The figures were first presented in September, when journalist and ufologist Jaime Maussan appeared in front of Congress and explained they’d been recovered from Cusco in Peru.
Maussan claimed the specimens were not related to any life on Earth, saying: “The public has a right to know about non-human technology and non-human entities.”
The revelation was met with skepticism at the time, with physicist and presenter Professor Brian Cox among those criticizing the claims made by Maussan as he said they were ‘way too humanoid’ to be genuine.
However, Maussan continued to insist the bodies were real when he appeared again in front of Mexico’s Congress on Tuesday (7 November).
The ufologist came armed with a string of doctors to back him up, all of who said the bodies had at one point been alive.

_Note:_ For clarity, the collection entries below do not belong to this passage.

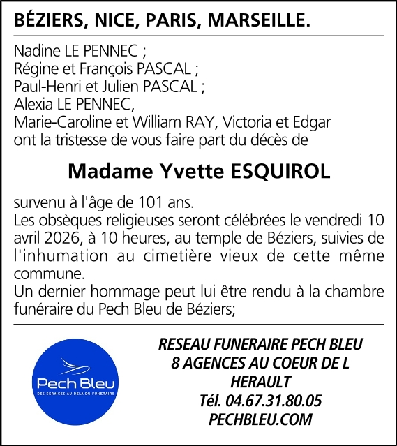 Décédée à Béziers (34500, France) le lundi 6 avril 2026 à l'âge de 101 ans
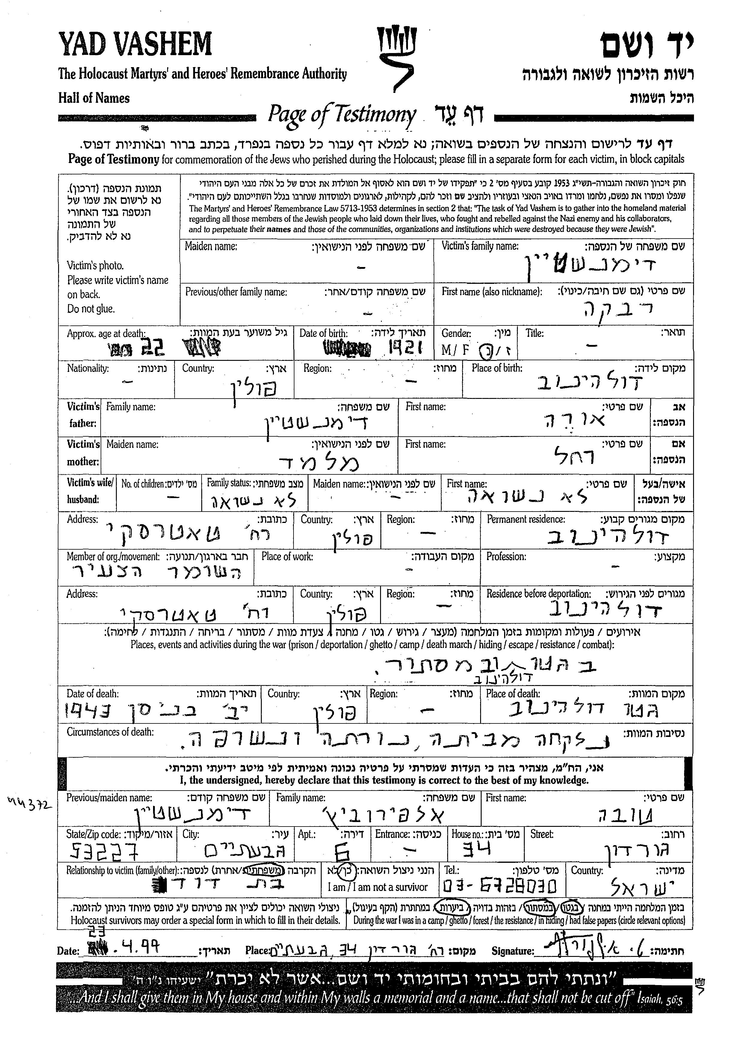 Rivka Dimenshtein wurde im Jahr 1921 in Dolhinow, Polen geboren. Sie war die Tochter von Arie und Rakhel, geb. Melamed. Sie war Ledig. Vor dem Zweiten Weltkrieg lebte sie in Dolhinow, Polen. Während des Krieges war sie in Dolhinow, Polen.
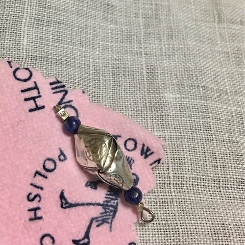 ご注文をいただいたら、 ・シルバー → 磨きます ・その他 → 軽く拭きます そして、ご希望の金具に付け替え。 特にご変更がなければ、新品に付け替えます。 今回は金具ご変更がなかったので、 新品のピアス金具に付け替え終了。 台紙ならぬ、リネンの台布に …
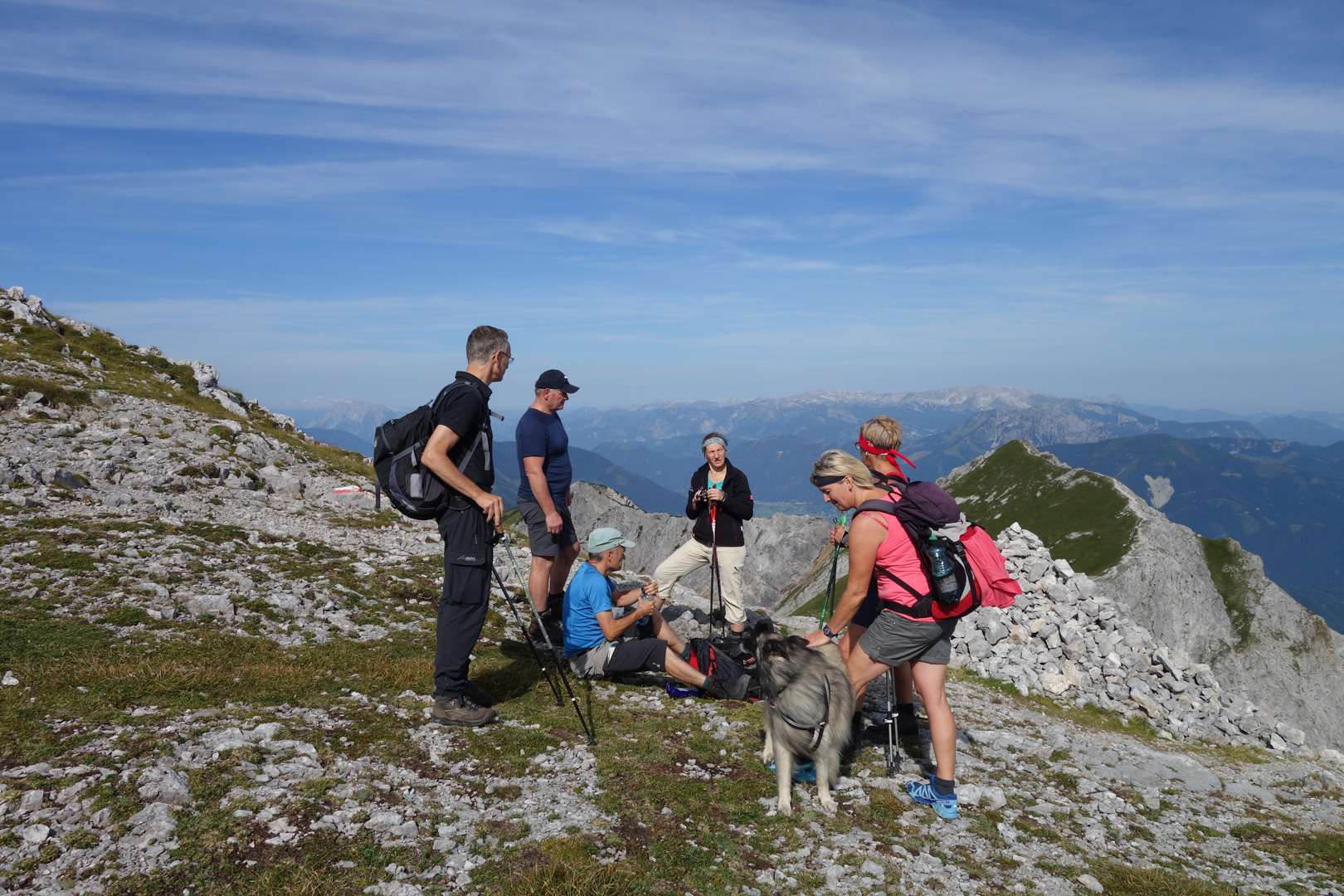 Die Tour in wenigen Worten: Wir waren insgesamt neun Wanderer/innen + ein Hund. Wetter war großartig. Landschaft auch. Berg war nicht schwierig. Ein schöne Tour.

Anthropologist Roger Zuniga, of San Luis Gonzaga National University in Ica Peru, offered up a letter signed by 11 researchers from the university which stated the bodies were not fake.
Speaking to Reuters after the congressional session, he said: “They’re real.
“There was absolutely no human intervention in the physical and biological formation of these beings.”
However, Zuniga has pointed out that he doesn’t know the origin of the beings, and the letter made clear that the scientists were not implying the bodies were ‘extraterrestrial’.
Maussan has not offered up a definitive explanation for the origins of the bodies himself, but stated: “None of the scientists say [the study results] prove that they are extraterrestrials, but I go further.”
The ufologist went on to suggest the bodies could be evidence of non-Earthly life forms.
After reviewing test results and images of the bodies, Argentine surgeon Celestino Adolfo Piotto expressed belief they were an evolved version of humans as we exist today, claiming they were ‘our descendants’.
Maussan has previously come under fire by the scientific community after making similar claims about bodies in Peru.
When the bodies were studied by the country’s prosecutor’s office, it found the bodies were actually ‘recently manufactured dolls, which have been covered with a mixture of paper and synthetic glue to simulate the presence of skin’.
Though Zuniga acknowledged false specimens have been an issue in the past, he stood by his claims that the ones presented in Mexico are real.